Antonio Herrero: Empezamos a trabajar con este sistema en el Servicio de Urgencias a partir del pasado mes de septiembre. Esto nos permitió seguir entrenando el algoritmo para poder utilizarlo en el ámbito de la hospitalización a partir de mediados de diciembre e involucrar a los servicios de Hospitalización, UCIR y UCI.

7. ¿Cómo o en qué casos lo aplican?

Dr. Alfonso Cabello: El algoritmo se aplica en todos los pacientes que están hospitalizados por Covid-19, desde que ingresan en Urgencias.

8. ¿Con cuántos pacientes lo han probado?

Antonio Herrero: Desde que lo hemos puesto en marcha lo hemos aplicado sobre un total de 5.643 pacientes, contando los ingresados entre los citados cuatro hospitales.

9. ¿Hay un perfil tipo de paciente en el que su aplicación sea más significativa u ofrezca mejores resultados?

Dr. Alfonso Cabello: No, en principio no hay un perfil tipo, se aplica a todos los pacientes que han sido ingresados por Covid-19; es decir, a todos las personas que han dado positivo en el SARS-CoV-2.

10. ¿Qué ventajas ofrece su empleo en cuanto al abordaje de los pacientes?

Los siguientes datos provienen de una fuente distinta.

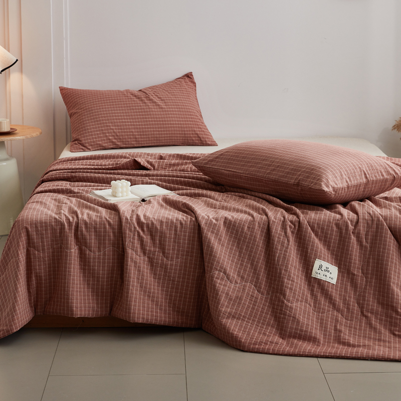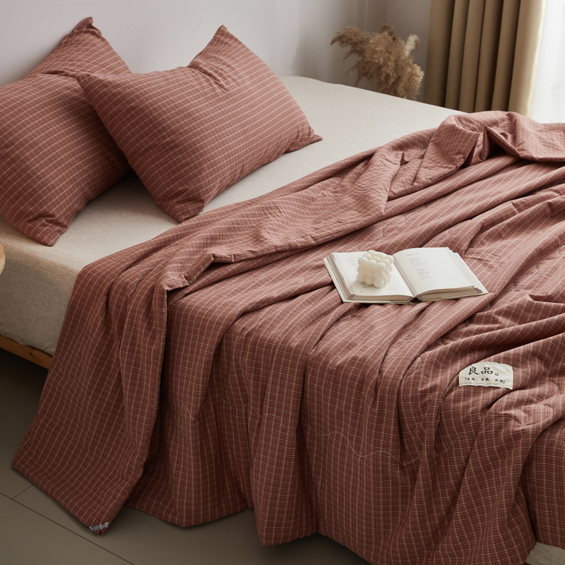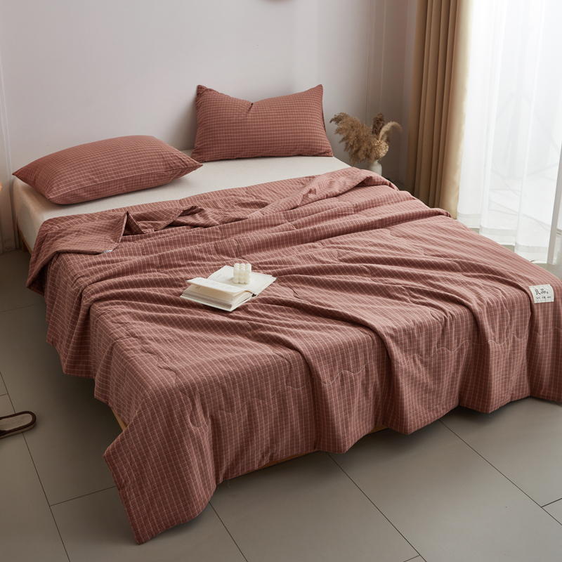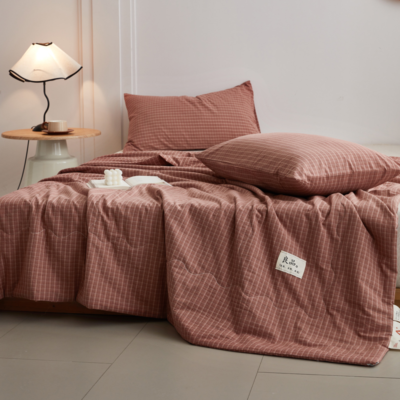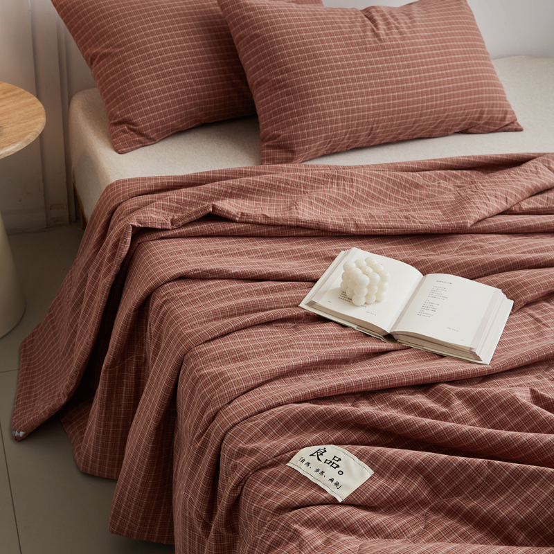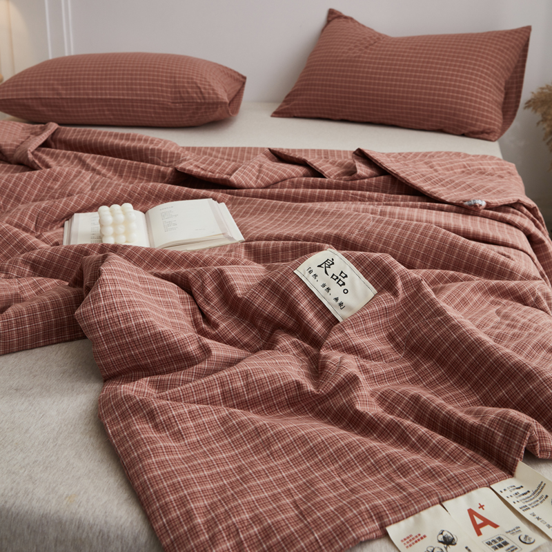 • 91家纺网 家纺一手货源 找家纺 尊妙被业 2025新款全棉色织水洗棉夏被 晚晴-红
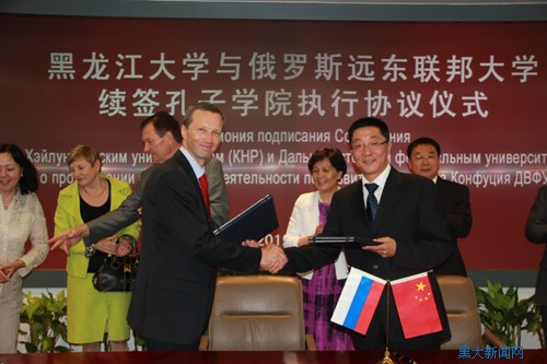 8月27日,国家汉办孔子学院总部与俄罗斯远东联邦大学续签孔子学院合作协议仪式上,红足官网与俄罗斯远东联邦大学续签了孔子学院执行协议并签订两校国际合作谅解备忘录,签字仪式在国家汉办举行。国家汉办主任许琳、副主任王永利、孔子学院处处长张君丽,俄罗斯远东联邦大学校长С. В.伊万涅茨、副校长В. И.古里洛夫、孔子学院外方院长К. А.古里洛娃、俄罗斯联邦驻华大使馆教育处一秘М. В.巴尔然诺娃,红足一1世足球网官方网站校长张政文、校长助理国际合作与交流处处长张晓光、中俄学院院长贾旭杰等领导出席了签约仪式。
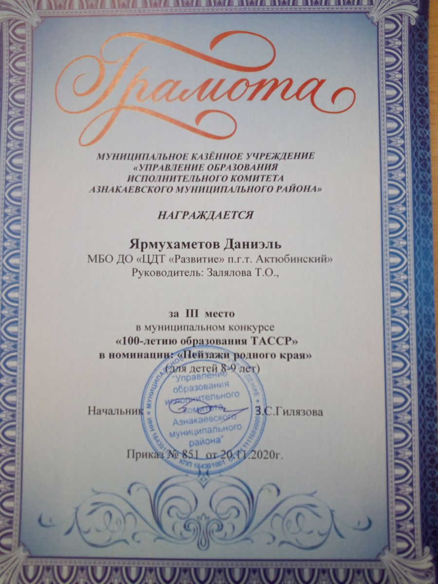 /Грамота за 1 место в конкурсе "100-летию ТАССР" участник Даминов Ростислав рук. Даминова Ю.И..jpg
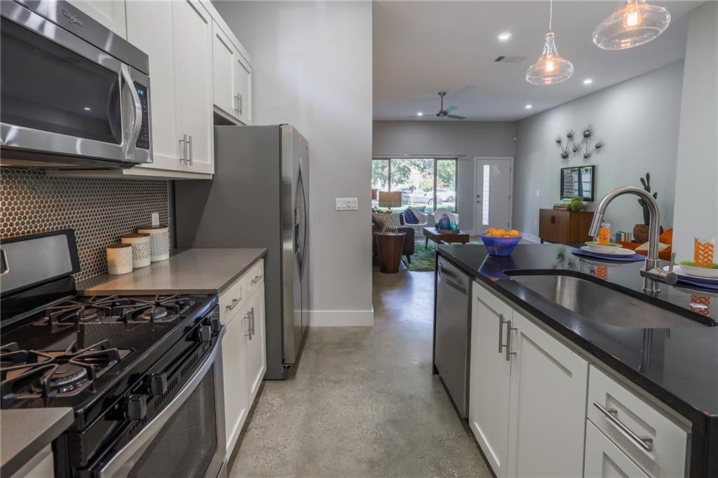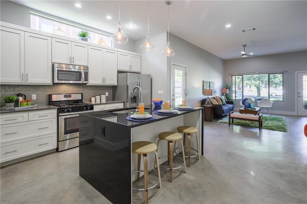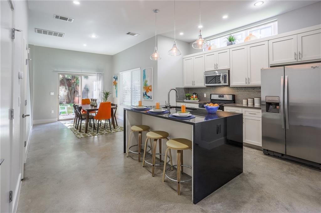 Beautiful high-end newer construction 3 story duplex located near the corner of Guadalupe at Zennia. Large private backyard with awesome deck overlooking the yard. Large open concept living/kitchen/dining with stained concrete floors, granite countertops, stainless appliances, half bath down and all bedrooms up make this a perfect place to entertain. Master bath is incredible with HUGE closet. Fans in every bedroom and large closets with plenty of storage. Washer and Dryer included.

Dr. Alfonso Cabello: Las ventajas son múltiples. Las fundamentales, las centradas directamente en el paciente: mejorando la atención, la calidad y la seguridad en su proceso de salud, al disponer desde el principio de información que nos orienta sobre cómo puede evolucionar, permitiéndonos optimizar la toma de decisiones e intentar frenar el empeoramiento de los pacientes. Por otro lado, tiene un impacto positivo indirecto en el resto de los pacientes en su conjunto: la previsión nos ofrece información de los recursos asistenciales que podemos necesitar en las próximas horas o días, fundamentalmente en las áreas más sensibles (UCI/UCIR), permitiéndonos coordinarnos con dichas unidades y teniendo siempre el recurso necesario para el paciente.